What is the doctrine of primary jurisdiction?

A

Courts cannot or will not determine a controversy involving a question which is within the jurisdiction of the administrative tribunal prior to the resolution of that question by the administrative tribunal, where the question demands the exercise of sound administrative discretion requiring the special knowledge, experience, and services of the administrative tribunal to determine technical and intricate matters of fact [Guy v. Ignacio].

19
Q

What is the exception to the doctrine of primary jurisdiction?

A

In immigration cases, the exception to the doctrine of primary jurisdiction is allowed when the courts themselves believe that there is substantial evidence supporting the claim for citizenship, so substantial that there is reasonable ground to believe that the claim is correct. [Go v.

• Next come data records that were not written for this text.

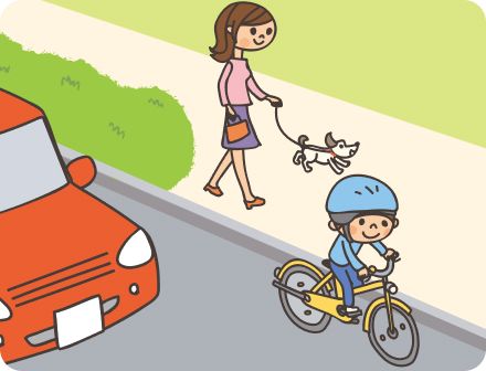 通学路や自宅周辺の生活道路にもさまざまな危険が潜んでおり、ふだん何となくしている行動によって事故にあってしまうこともあります。お子さまといっしょにご自宅周辺を歩いて、どんなところに危険があるかを話し合い、危険な行為を絶対にしないように指導しましょう。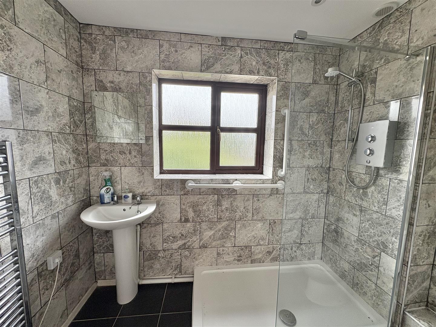 Shower Room - Modern white suite comprising close coupled w.c., pedestal wash hand basin, walk in double shower unit, fully tiled walls, chrome wall mounted heated towel rail, upvc double glazed opaque window to front aspect.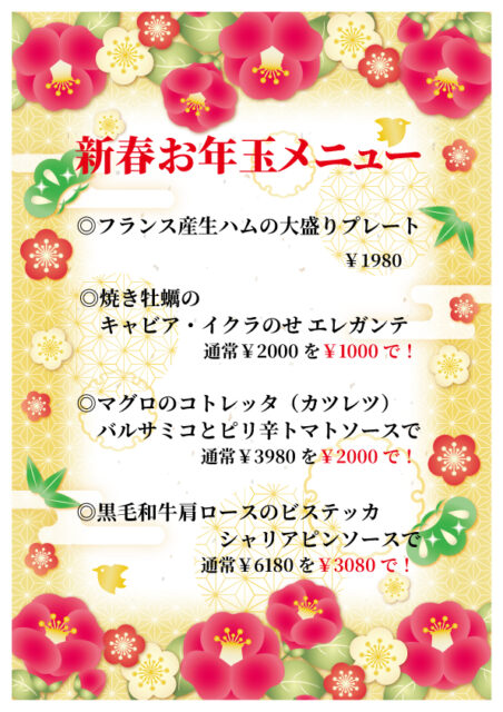 ☆ 期間限定 新春お年玉メニュー 1月6日より (売り切れ御免にてご提供)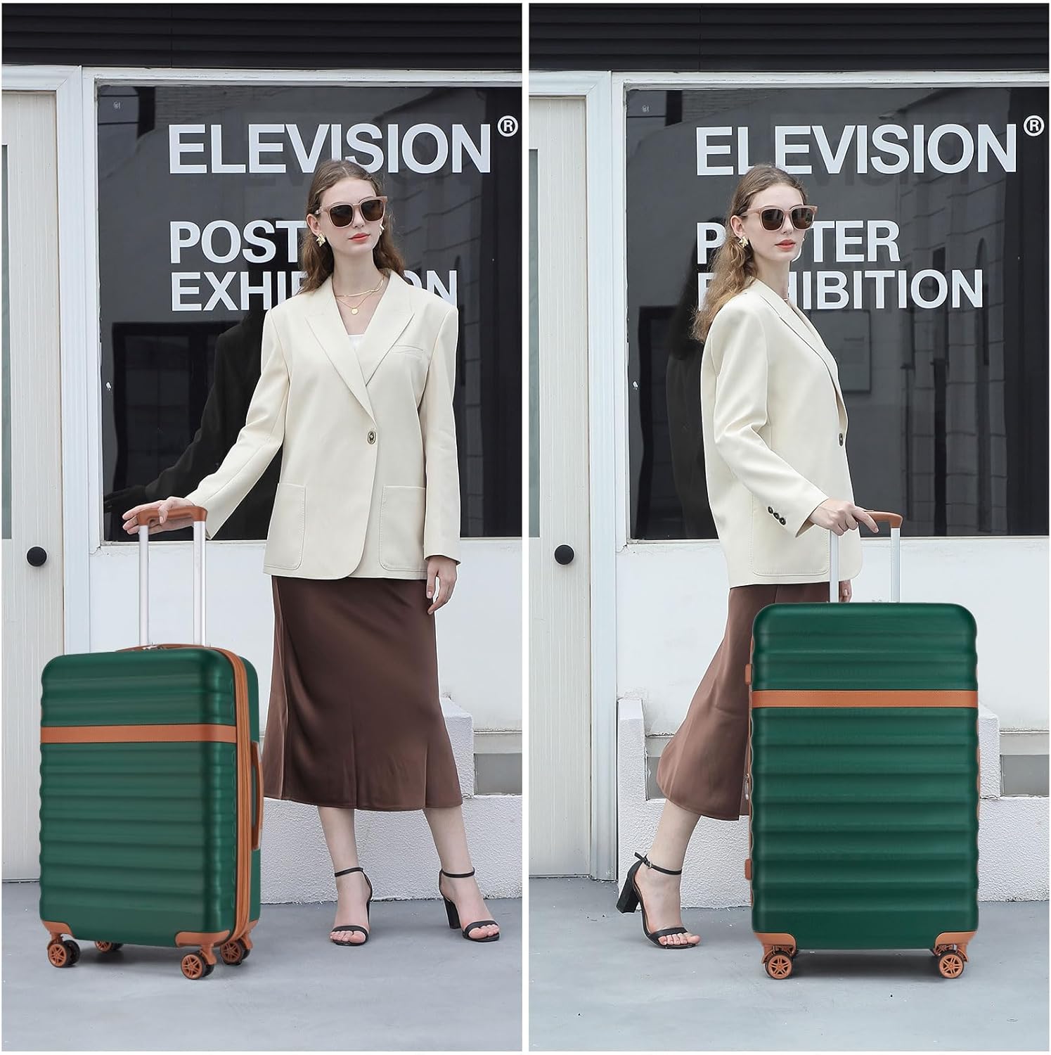 Kono Expandable 28 Inch Large Checked Luggage: ABS+PC Hardside Trolley Travel Case - Hard Shell Suitcase with TSA Lock,Green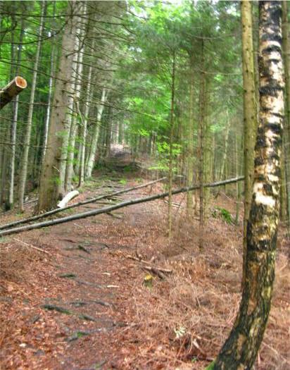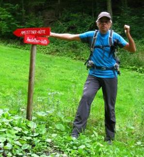 Im Wald ist der Weg eindeutig zu erkennen. Immer gerade aus, und schon bald sind wir bei der Amstettner Hütte die heute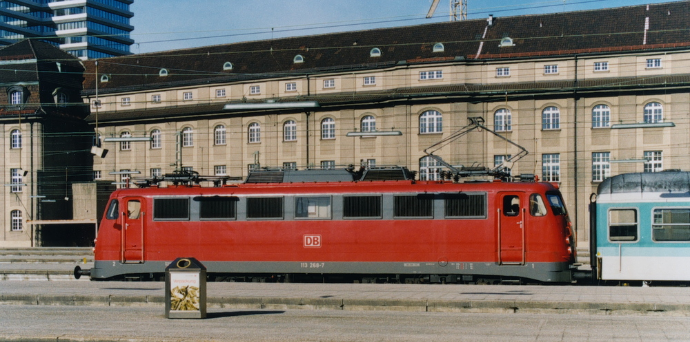 stand 113 268-7 vor ihrem Zug im Münchner Hauptbahnhof.

Ramos

20
Q

Does the CHR have jurisdiction to try cases?

A

No. In Simon v. CHR and in Carino v. CHR, it was ruled that “the Commission on Human Rights was not meant by the fundamental law to be another court or quasi-judicial agency in this country or duplicate much less take over the functions of the latter to be another court or quasi-judicial agency in this country or duplicate much less take over the functions of the latter.” Therefore, the Commission has no jurisdiction to adjudicate the claims of the respondents.

21
Q

Does the HLURB have the right to hear and try cases?

A

Yes. The jurisdiction of the HLURB to regulate the real estate trade is broad enough to include jurisdiction over complaints for specific performance of the sale, or annulment of the mortgage, of a condominium unit, with damages.

22
Q

Relationship between jurisdiction and the pleadings?

A

Jurisdiction over the subject-matter is determined upon the allegations made in the complaint, irrespective of whether the plaintiff is entitled or not entitled to recover upon the claim asserted therein — a matter resolved only after and as a result of the trial.

23
Q

When multiple administrative bodies have concurrent jurisdiction, which body should take cognizance of the case?

A

Where concurrent jurisdiction exists in several tribunals, the body that first takes cognizance of the complaint shall exercise jurisdiction to the exclusion of the others. [Pat-og Sr. v. CSC]

24
Q

May a condemnatory decision in a criminal case serve as the basis for an administrative decision?

A

No. A condemnatory decision in a criminal case, even if final, by itself alone, cannot serve as basis for a decision in administrative case involving the same facts. Matters that are material in the administrative case are not necessarily relevant in the criminal case.

25
Q

What is substantial evidence?

A

Substantial evidence – relevant evidence as a reasonable mind would accept as adequate to support a conclusion

26
Q

How are administrative rules of procedure construed?

A

Administrative rules of procedure are construed liberally to promote their objective and to assist parties in obtaining just, speedy and inexpensive determination of their respective claims and defenses As a general rule, a finding of guilt in administrative cases, if supported by substantial evidence will be sustained by this Court [CSC v. Colanggo].